Exercise details: Starting from the line containing "Happy Young Family", give again every line through the end of the entries, word for word. Pictures stay out of the copy.

[Collected data]
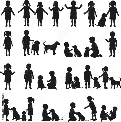 Collection of Children Silhouettes Playing with Dogs, Showing a Variety of Poses and Interactions Between Kids and Their Pets, Vector Illustration .
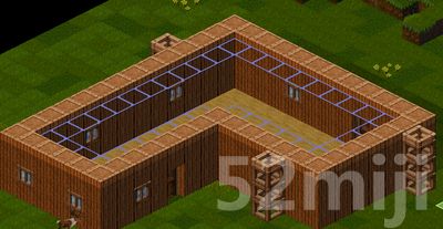 6、发展到中期,要做到每个人一间屋子很占地,所以要考虑建楼房。楼房可以往下挖,也可以往上建,往上建的话要先建好一层(可以占用多个层)的墙体,在楼板处一圈一圈往里建墙体,为何成一整片石块墙后,+1层后就可以布置区域了,以此类推,脚手架在开门处做楼梯,比建台阶还方便。
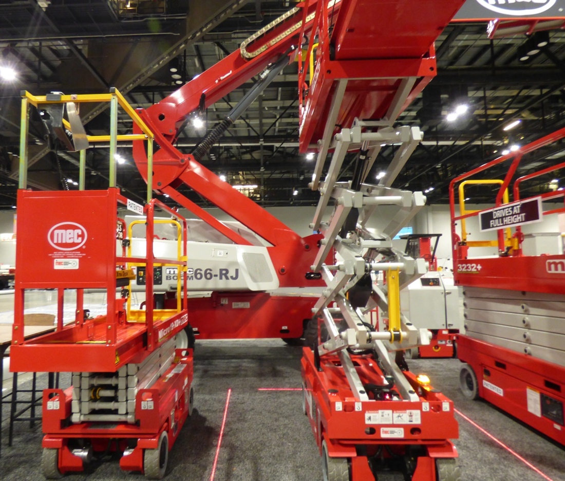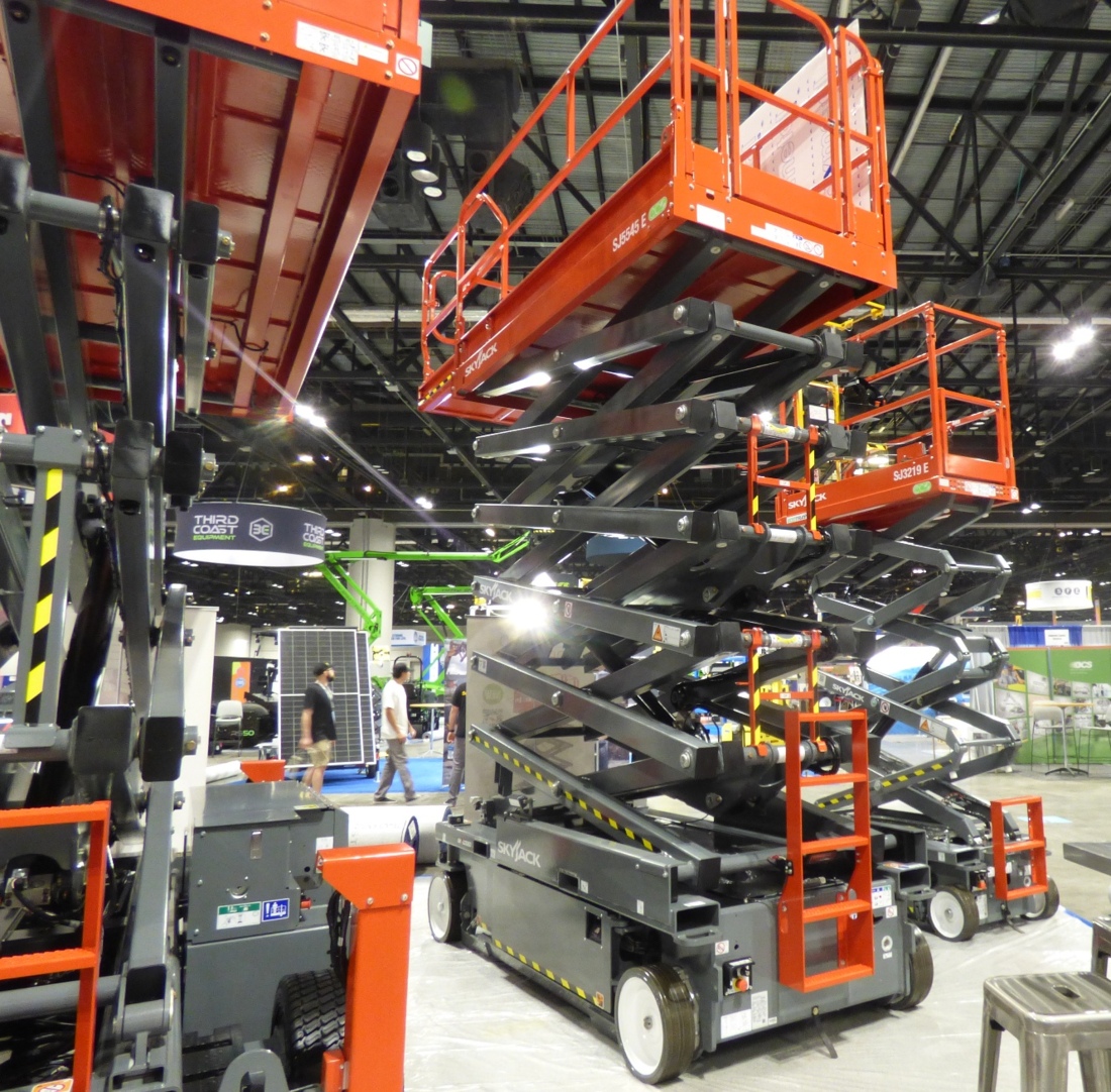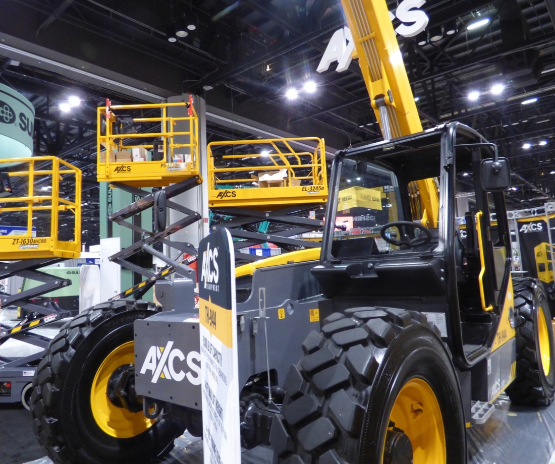 A tight squeeze on the AXCS stand with telehandlers and scissors
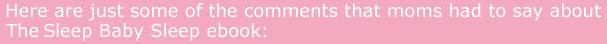 "I really want to thank you for writing the Sleep Baby Sleep eBook...This is JUST the information I needed... I will definitely continue with the Sleep Baby Sleep method as long as it takes to get my baby to sleep through the night, AND will definitely recommend to ALL my friends."
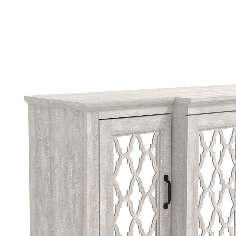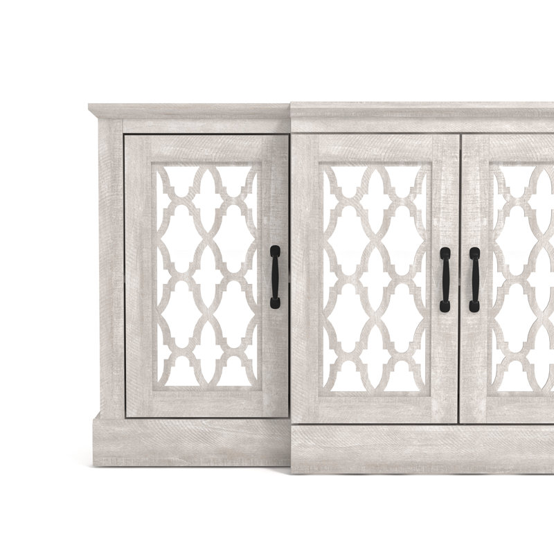 Keep all your stuff in this wide accent sideboard and make your space tidy and clean. Two side cabinets offer extra storage space, and its wide top surface is ideal for frame photos or blooming faux floral bouquets for a lovely and home-spun look.
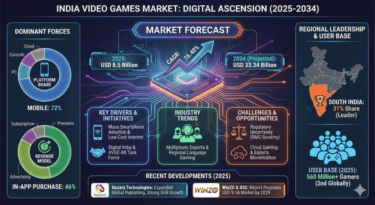 According to the latest report by The Report Cube, study India Video Games Market is anticipated to register a CAGR of 16.40% during 2026-2034. The market size was valued at USD 8.5 billion in 2025 and is projected to reach USD 33.34 billion by 2034. India has emerged as one of the fastest-growing gaming economies globally, supported by a young population, rapid digital adoption, and rising disposable incomes. Video gaming in India has evolved from a niche entertainment activity into a mainstream digital ecosystem spanning mobile, PC, console, and cloud platforms.
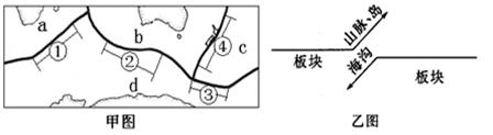 小题2:乙图属于板块交界处的一种类型,箭头表示板块的运动方向,下列说法正确的是
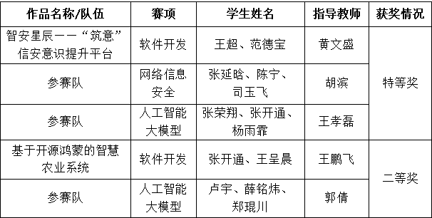 本次比赛设有网络信息安全、人工智能大模型、软件开发、微视频四赛项,旨在提升广大师生数字素养,持续深化信息技术与教育教学融合创新。校院两级领导高度重视备赛工作,智能工程学院从通知部署、选手遴选到备赛辅导,全程提供精准指导与全力支持。经激烈角逐,爱游戏(中国)代表队参加的前3个赛项、5支队伍全部获奖。
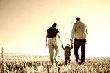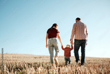 Happy Young Family Mom and Dad with Their Little Son Enjoying Summer Weekend Picnic Outside the City in the Field at Sunny Day Sunset, Vacation Time Concept
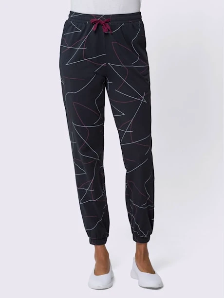 Pantalon en jersey décontracté à imprimé graphique. Ceinture élastique, coulisse et lien à nouer contrasté pour confort optimal. 2 poches devant. Bords-côtes extensibles à la finition des jambes pour un look décontracté.
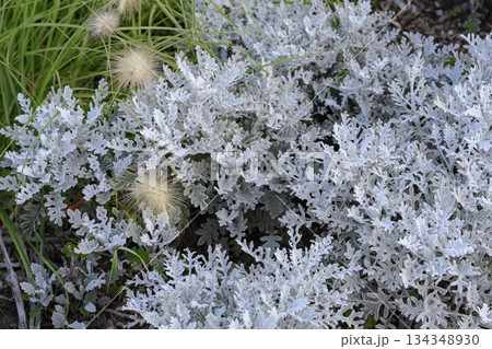 Panicles of miscanthus and Silver Wormwood plants form a carpet of fancy leaves
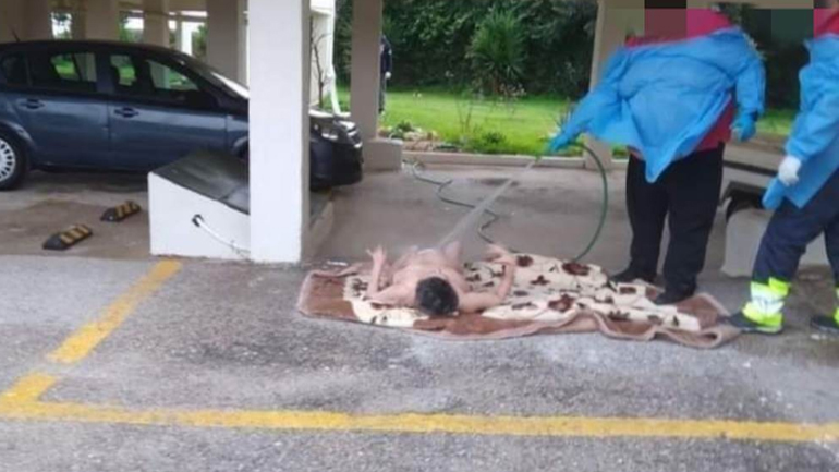 Τον γύρο του διαδικτύου κάνει τις τελευταίες ώρες μία σοκαριστική εικόνα ντροπής και απάνθρωπης συμπεριφοράς δύο ατόμων σε βάρος μίας ηλικιωμένης γυναίκας που φέρεται να αντιμετωπίζει ψυχολογικά προβλήματα. Πλήρωμα του δημοτικού ασθενοφόρου, φαίνεται να πλένει την ηλικιωμένη γυναίκα με το λάστιχο, ξαπλωμένη γυμνή σε μία κουβέρτα, σε πυλωτή – γκαράζ πολυκατοικίας, στην περιοχή του Ωρωπού.
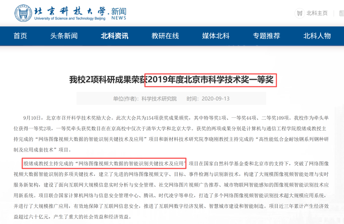北京市科学技术奖一等奖
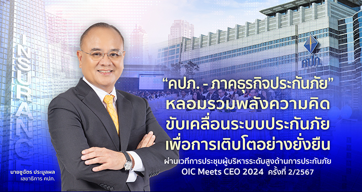 การประชุมผู้บริหารระดับสูงด้านการประกันภัย OIC Meets CEO 2024 ครั้งที่ 2 ในปีนี้ สำเร็จลุล่วง และได้รับความร่วมมือจากภาคธุรกิจประกันภัยเป็นอย่างดี ถือเป็นเวทีระดมความคิดเห็นและความร่วมมือระหว่างสำนักงาน คปภ. กับ ภาคธุรกิจประกันภัย เพื่อร่วมกันกำหนดทิศทางในการขับเคลื่อนและพัฒนาอุตสาหกรรมประกันภัยไทยอย่างเป็นรูปธรรม อันจะส่งผลต่อความเชื่อมั่นของประชาชนและการเติบโตอย่างยั่งยืนของระบบประกันภัยไทย

Answer to this task:
 Happy Young Family Mom and Dad with Their Little Son Enjoying Summer Weekend Picnic Outside the City in the Field at Sunny Day Sunset, Vacation Time Concept
 Pantalon en jersey décontracté à imprimé graphique. Ceinture élastique, coulisse et lien à nouer contrasté pour confort optimal. 2 poches devant. Bords-côtes extensibles à la finition des jambes pour un look décontracté.
 Panicles of miscanthus and Silver Wormwood plants form a carpet of fancy leaves
 Τον γύρο του διαδικτύου κάνει τις τελευταίες ώρες μία σοκαριστική εικόνα ντροπής και απάνθρωπης συμπεριφοράς δύο ατόμων σε βάρος μίας ηλικιωμένης γυναίκας που φέρεται να αντιμετωπίζει ψυχολογικά προβλήματα. Πλήρωμα του δημοτικού ασθενοφόρου, φαίνεται να πλένει την ηλικιωμένη γυναίκα με το λάστιχο, ξαπλωμένη γυμνή σε μία κουβέρτα, σε πυλωτή – γκαράζ πολυκατοικίας, στην περιοχή του Ωρωπού.
北京市科学技术奖一等奖
 การประชุมผู้บริหารระดับสูงด้านการประกันภัย OIC Meets CEO 2024 ครั้งที่ 2 ในปีนี้ สำเร็จลุล่วง และได้รับความร่วมมือจากภาคธุรกิจประกันภัยเป็นอย่างดี ถือเป็นเวทีระดมความคิดเห็นและความร่วมมือระหว่างสำนักงาน คปภ. กับ ภาคธุรกิจประกันภัย เพื่อร่วมกันกำหนดทิศทางในการขับเคลื่อนและพัฒนาอุตสาหกรรมประกันภัยไทยอย่างเป็นรูปธรรม อันจะส่งผลต่อความเชื่อมั่นของประชาชนและการเติบโตอย่างยั่งยืนของระบบประกันภัยไทย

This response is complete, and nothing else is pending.